April 6, 2025
Habib Rostami

Habib Rostami

Academic Rank: Associate professor
Address:
Degree: Ph.D in Computer Engineering
Phone: 0773
Faculty: Faculty of Intelligent Systems and Data Science

Research

Title
Investigating the use of artificial intelligence in whole-body segmentation, lesion classification, and staging in prostate cancer using GA-PSMA PET/CT images
Type Thesis
Keywords
artificial intelligence, whole-body segmentation, lesion classification, prostate cancer, GA-PSMA PET/CT
Researchers Jafari Esmail (Student) , Majid Assadi (Primary advisor) , Ahmad Keshavarz (Primary advisor) , Habib Rostami (Advisor)

Abstract

In the field of cancer management, understanding the burden and spread of disease is essential for informed clinical decision-making. This thesis focuses on the role of machine learning in analyzing [68Ga]Ga-PSMA PET/CT scans for the diagnosis and assessment of prostate cancer (PC).
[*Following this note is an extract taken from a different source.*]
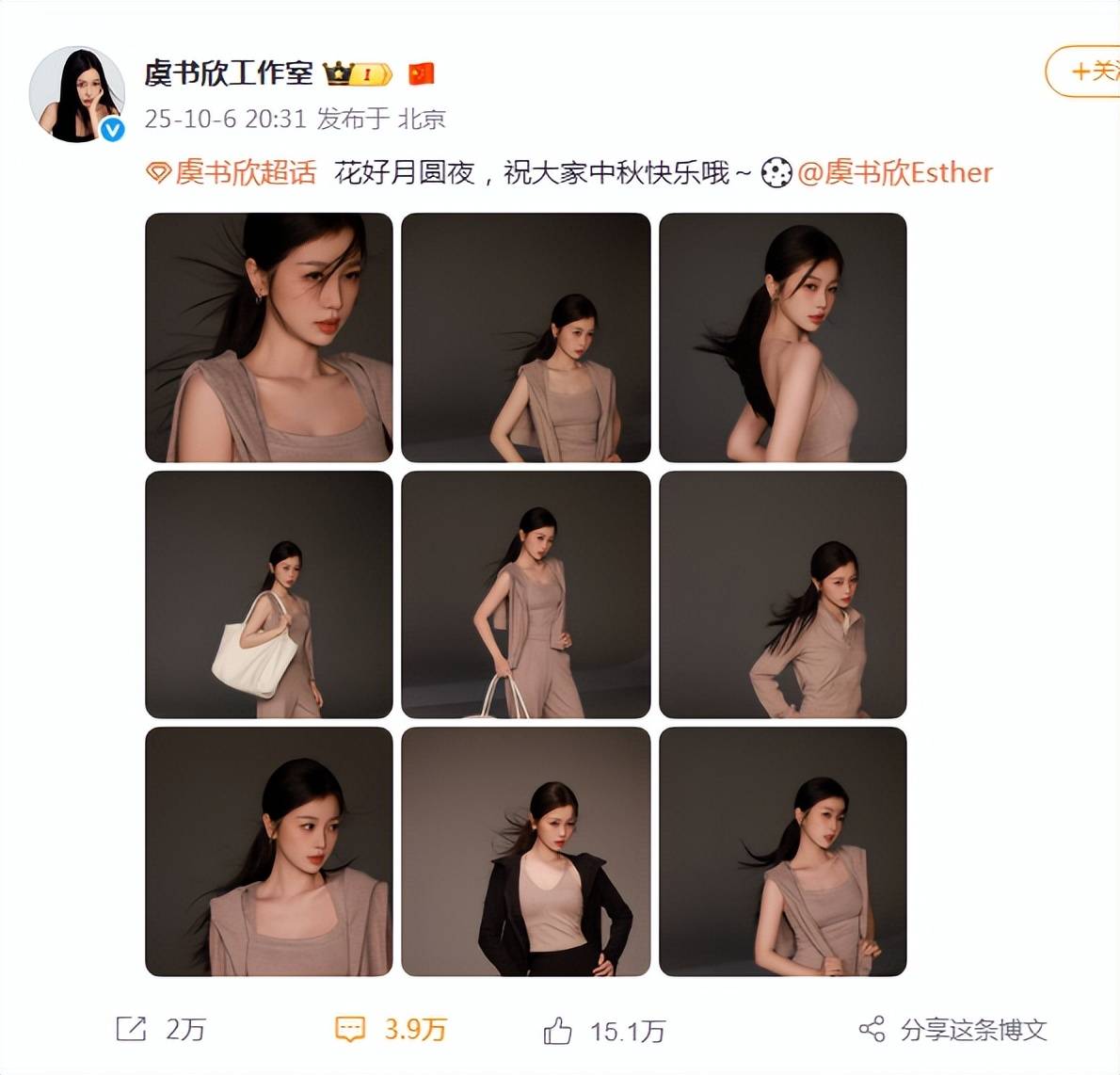 2025年10月6日中秋节,虞书欣工作室通过微博发布节日问候“花好月圆夜,祝大家中秋快乐哦~”,并关联虞书欣个人账号。

The first study describes the development of a fully automated deep learning framework for identifying and segmenting malignant lesions in whole-body PET scans using [68Ga]Ga-PSMA-11. In a multicenter study involving 412 patients, this model demonstrated high accuracy in patient-level classification and lesion detection, yielding promising results in extracting quantitative PET biomarkers for evaluating treatment response. The second study investigates the distribution of PSMA in newly diagnosed prostate cancer and its correlation with serum PSA levels and biopsy Gleason Score (GS). Analysis of data from 256 patients revealed significant associations between PET- based parameters and disease characteristics. Machine learning techniques effectively predicted GS and PSA values, emphasizing the utility of [68Ga]Ga-PSMA PET/CT in staging and treatment planning. The third study identifies baseline clinical parameters and PET-extracted features that influence PSA response, overall survival, and progression-free survival in patients undergoing treatment with 177Lu-PSMA. Analysis of 125 patients with metastatic hormone-resistant prostate cancer showed that several parameters significantly impacted clinical outcomes. These findings underscore the potential of integrating imaging biomarkers to enhance predictive assessments and guide therapeutic decisions. Overall, this thesis presents methods of image analysis and their applications in improving the diagnosis, staging, and treatment of prostate cancer, highlighting the role of machine learning in developing effective and robust solutions for clinical applications.